- Origin: Jacksonville, North Carolina
- Genres: Rock music, Hard rock
- Years active: 1969-1990, 1993-present
- Labels: Epic, RCA, Executive Records
- Members: Larry Uzzell; Tommy Redd; Eddie Blair; Pee Wee Watson; Walter Garland; Jason Patterson;
- Past members: Mike Uzzell Mark Downing Kenny Soule; Richard Gates; David "Thumbs" Johnson; Alan Thornton; Rob "Kid Blister" Green; Chris Cash; Benny Dellinger; Perry Richardson; Ronnie Waters; Durwood Martin;
- Website: www.nantucketband.com/epk.html

= Nantucket (band) =

American Southern rock band

Nantucket is a rock band formed in Jacksonville, North Carolina in 1969. The group's original six members were Tommy Redd, Larry Uzzell, Mike Uzzell, Eddie Blair, Kenny Soule, and Mark Downing. The band signed with Epic Records in 1977 and RCA Records in 1983, releasing six albums before disbanding in 1990. The band reformed in 1993, recording a live album and playing with various lineups.

==Background==
Jacksonville High School students Larry Uzzell, Mike Uzzell, and Tommy Redd formed as a soul and rhythm and blues cover band named Stax of Gold in Jacksonville, North Carolina in 1969. It later changed its name to Nantucket Sleighride following a name contest in 1972, which was shortened to Nantucket. Eddie Blair, Kenny Soule, and Mark Downing joined the band in the early 1970s. Nantucket became known in North Carolina as a cover band, playing "funky boogie, rock and roll, soul, folk rock, or oldies but goodies..." As the band began introducing its original material, it opened for Dr. Hook, Kiss, Stories, and Wild Cherry.

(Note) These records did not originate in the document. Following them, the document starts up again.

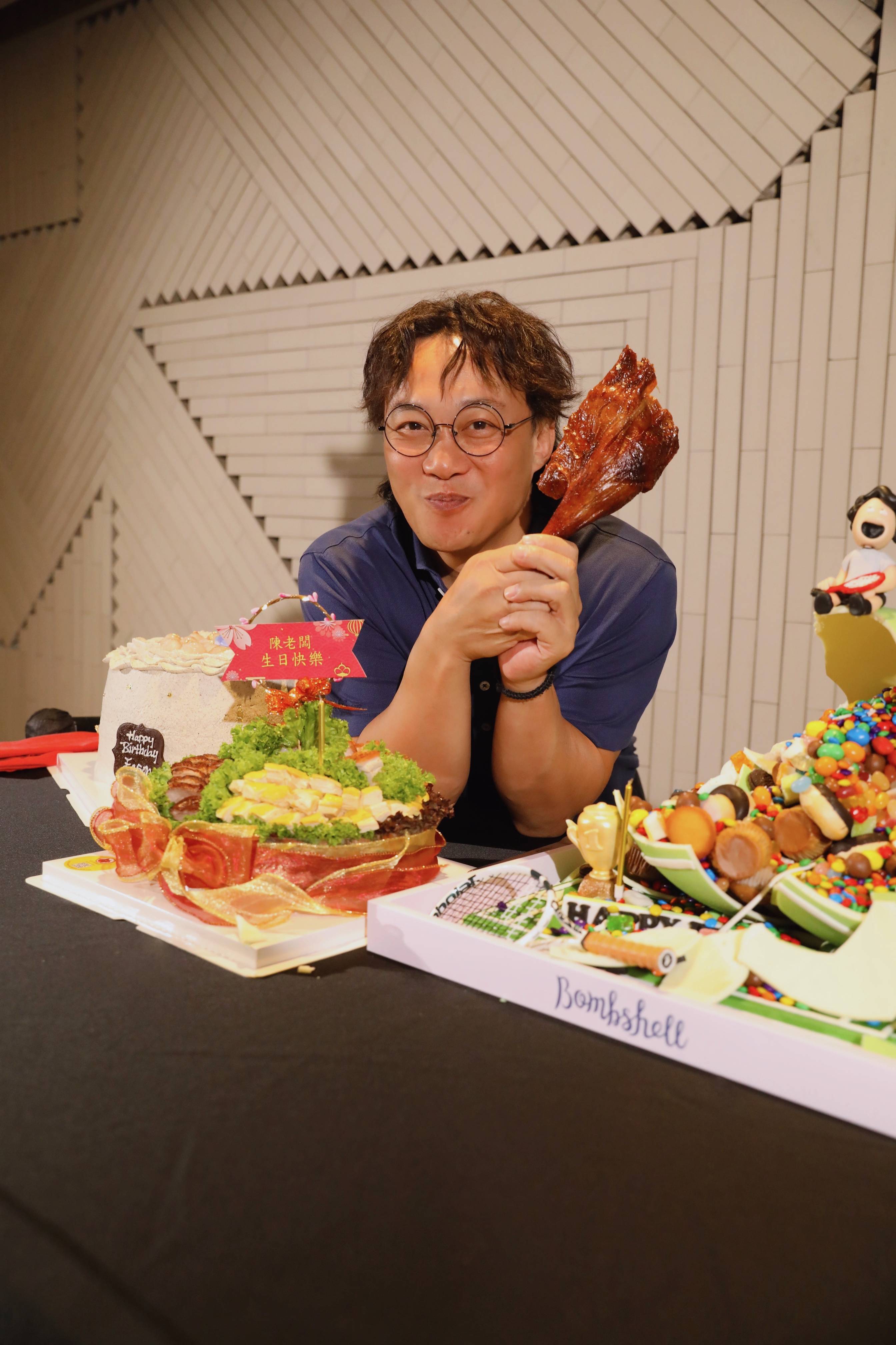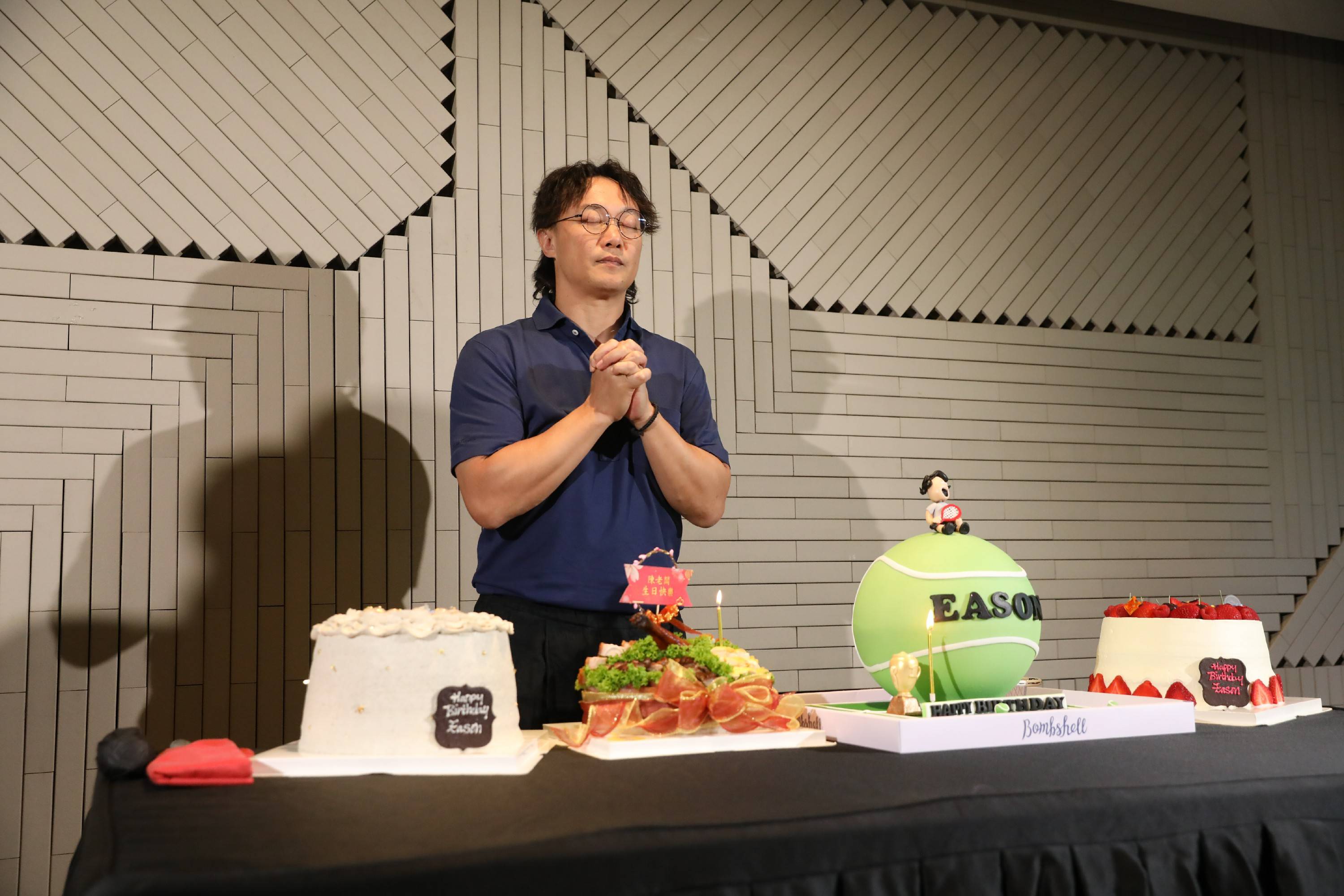 原本7月27日過生日,但Eason昨天提早跟歌迷一起慶生,還切了四款不同的蛋糕,兩款是他最喜愛的味道,另外一個(gè)是他最喜愛的網(wǎng)球撲撲蛋糕,還有一個(gè)是由各種他喜愛的燒味砌成的中式叉燒油雞燒鵝脾蔥油飯蛋糕,創(chuàng)意十足,開心得Eason自己也拿出電話不停給蛋糕拍照,吹蠟燭許愿后,他更第一時(shí)間把燒鵝脾拉出來即食。至于生日愿望,他笑謂:“講出來就唔靈啦,但其實(shí)人愈大他自認(rèn)追求愈少,最希望都是身體健康,同之后巡回演出順順利利,如果可以再貪心,老土D就希望世界可以和平健康,沒有戰(zhàn)爭與疾病。”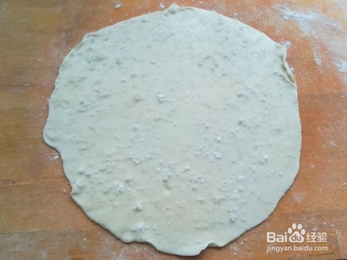 再把面团用擀面棒擀成大的面皮,在上面均匀的抹上一层猪油,再撒上糖,如果想吃咸的就放成盐。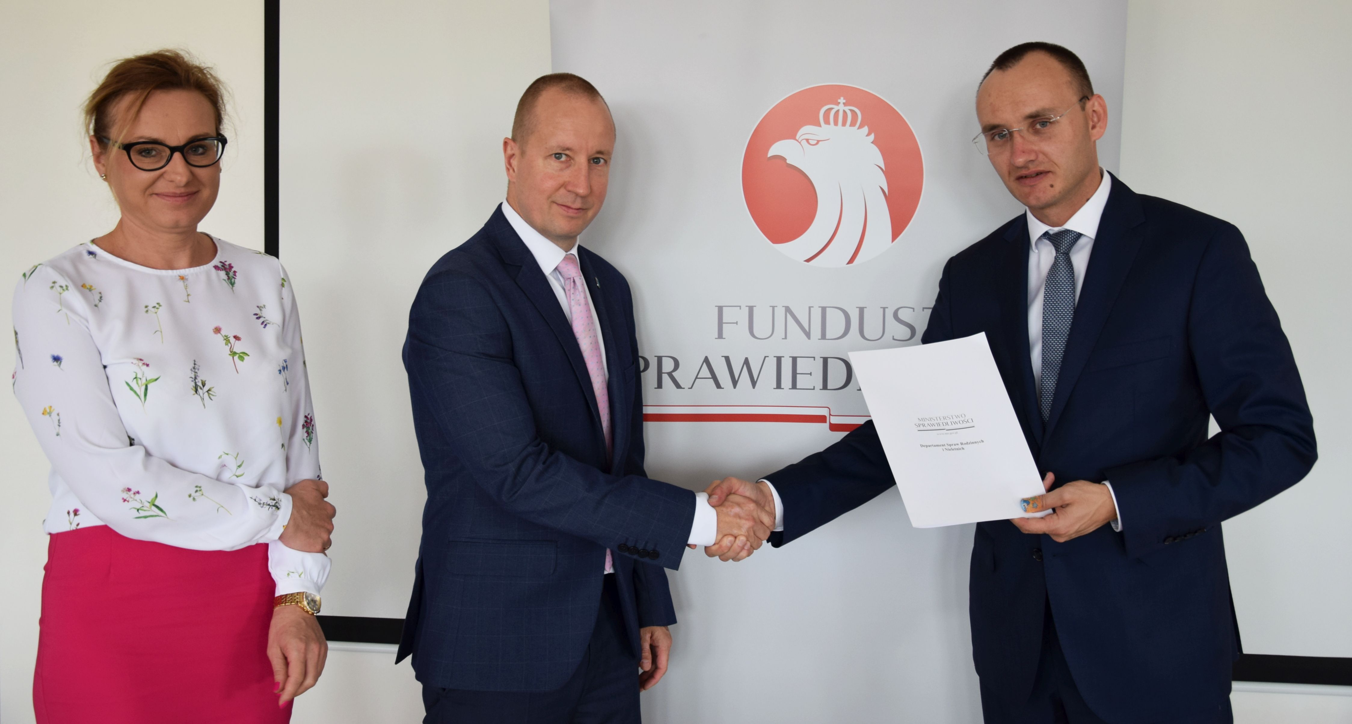 W ubiegłym tygodniu w siedzibie Ośrodka Szkolenia Komendy Wojewódzkiej Państwowej Straży Pożarnej w Toruniu, umowę podpisali: Wójt Maciej Rakowicz przy kontrasygnacie Skarbnika Gminy Pani Kamilli Prabuckiej oraz Dyrektor Departamentu Spraw Rodzinnych i Nieletnich Ministerstwa Sprawiedliwości Pan Mikołaj Pawlak.

Nantucket signed with Epic Records in 1977. It released its self-titled album in 1978, which sold approximately 200,000 copies and also appeared on the Billboard charts. It featured the single "Heartbreaker" that went to number 62 on the Billboard Hot 100. In 1979, Nantucket followed up with Your Face or Mine?. Nantucket toured the United States as the opening act for Aerosmith, The Allman Brothers Band, Boston, The Cars, Cheap Trick, The Doobie Brothers, Foreigner, Journey, REO Speedwagon, and Styx.

Mike Uzzell was dismissed from the band by the third album, with Pee Wee Watson replacing him on bass guitar. As a tribute to AC/DC lead singer Bon Scott, who died in 1980, Nantucket's Long Way to the Top included a version of the 1975 classic "It’s a Long Way to the Top (If You Wanna Rock 'N' Roll)". The move landed the band a spot with AC/DC on its Back in Black tour for the summer of 1980.

Even though Nantucket found some success, Epic Records eventually dropped the band. Drummer Kenny Soule and bassist Pee Wee Watson left in 1981, joining guitarist Michael Gardner to form the rock trio PKM. They were replaced by Richard Gates and David "Thumbs" Johnson. The band signed with RCA and released No Direction Home in 1983.

After Nantucket split with RCA, Mike Uzzell became the band's manager and formed the independent label, Executive Records, in 1985. In 1988, Larry Uzzell was the band's only remaining original member. The band released Nantucket V on Executive Records in 1985, with additional guitarist Alan Thornton. Nantucket disbanded in 1990.

The original members of Nantucket reunited in 1993 and recorded a live session, released as Still Live after All These Years in 1995. It featured earlier songs and new material. The band occasionally played nightclubs in the Carolinas while continuing its side projects. In 2005, it released The Unreleased "D.C. Tapes" with eight new songs.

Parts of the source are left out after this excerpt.